**WORK TASK:** Find the line below with "Cubaseの場合はMedi". Print it and every line after it exactly, through the last line, leaving out the pictures.

**TASK MATERIAL:**
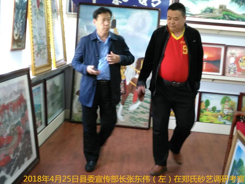 2018年4月25日,興隆縣委常委、宣傳部長、統(tǒng)戰(zhàn)部長張東偉來到公司,就鄭氏砂藝創(chuàng)新發(fā)展、新產(chǎn)品研發(fā)工作進(jìn)行調(diào)研考察。張部長在參觀了車間、展廳之后強(qiáng)調(diào):鄭氏砂藝要緊盯市場,抓好創(chuàng)新發(fā)展工作,尤其要加快抓好旅游紀(jì)念品的研發(fā)工作,創(chuàng)新產(chǎn)品種類,用以豐富興隆的旅游市場,也用來提高企業(yè)的經(jīng)濟(jì)效益。宣傳部副部長、文明辦主任馬宏罡、鄭氏砂藝文化有限公司總經(jīng)理鄭鐵軍陪同調(diào)研考察。
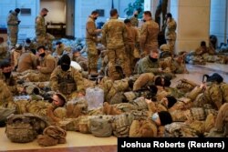 Поки законодавці обговорюють це питання, військові і поліція Національної гвардії розміщені навколо Капітолію для гарантування безпеки.
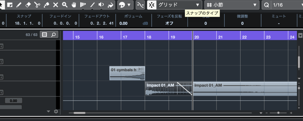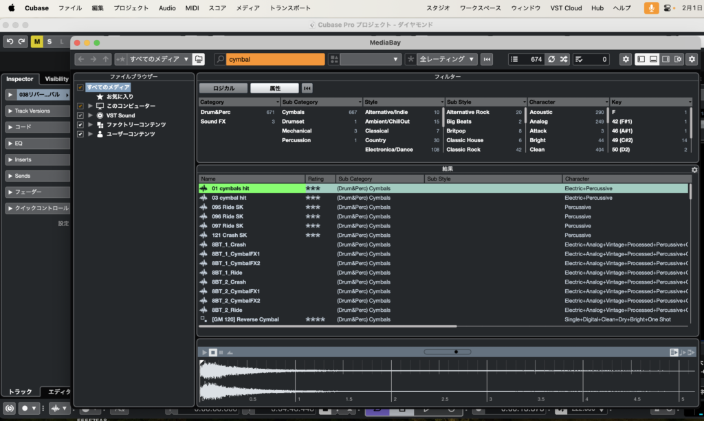 Cubaseの場合はMediaBayからシンバルのオーディオデータを探してください。
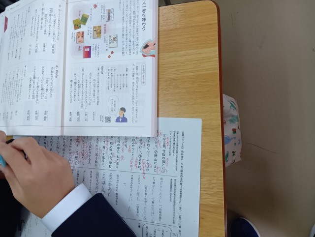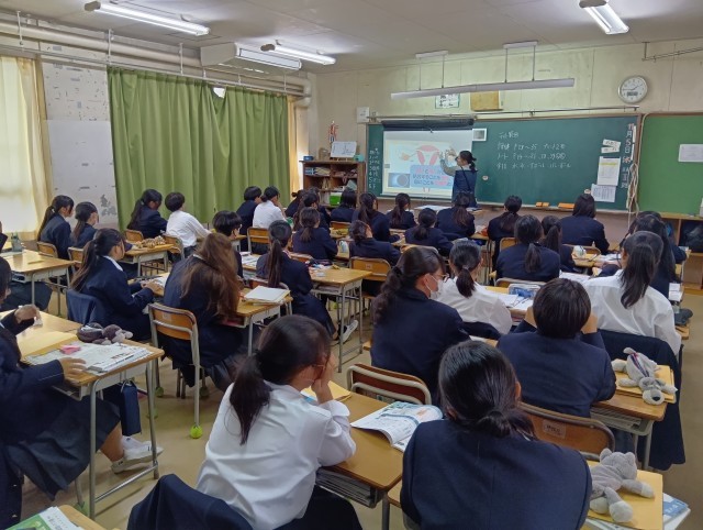 体育・国語です。男子の体育では、バレーをしていました。女子は保健の授業をしていました。
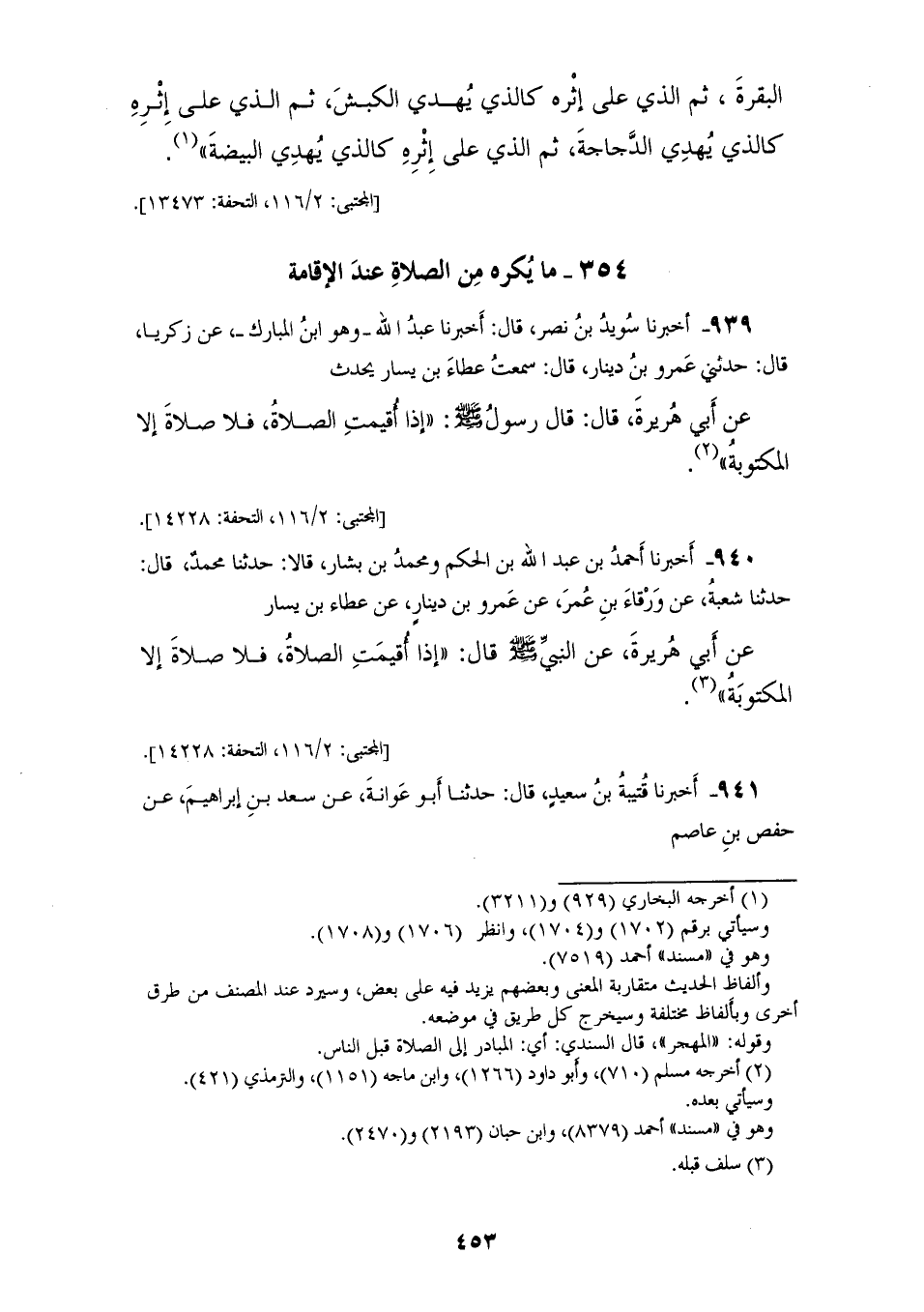 939 - أَخْبَرَنَا سُوَيْدُ بْنُ نَصْرٍ قَالَ: أَخْبَرَنَا عَبْدُ اللهِ، وَهُوَ ابْنُ الْمُبَارَكِ، عَنْ زَكَرِيَّا قَالَ: حَدَّثَنِي عَمْرُو بْنُ دِينَارٍ قَالَ: سَمِعْتُ عَطَاءَ بْنَ يَسَارٍ يُحَدِّثُ، عَنْ أَبِي هُرَيْرَةَ قَالَ: قَالَ رَسُولُ اللهِ صَلَّى اللهُ عَلَيْهِ وَسَلَّمَ: «§إِذَا أُقِيمَتِ الصَّلَاةُ، فَلَا صَلَاةَ إِلَّا الْمَكْتُوبَةَ»

**WORKED SOLUTION:**
 Cubaseの場合はMediaBayからシンバルのオーディオデータを探してください。
 体育・国語です。男子の体育では、バレーをしていました。女子は保健の授業をしていました。
 939 - أَخْبَرَنَا سُوَيْدُ بْنُ نَصْرٍ قَالَ: أَخْبَرَنَا عَبْدُ اللهِ، وَهُوَ ابْنُ الْمُبَارَكِ، عَنْ زَكَرِيَّا قَالَ: حَدَّثَنِي عَمْرُو بْنُ دِينَارٍ قَالَ: سَمِعْتُ عَطَاءَ بْنَ يَسَارٍ يُحَدِّثُ، عَنْ أَبِي هُرَيْرَةَ قَالَ: قَالَ رَسُولُ اللهِ صَلَّى اللهُ عَلَيْهِ وَسَلَّمَ: «§إِذَا أُقِيمَتِ الصَّلَاةُ، فَلَا صَلَاةَ إِلَّا الْمَكْتُوبَةَ»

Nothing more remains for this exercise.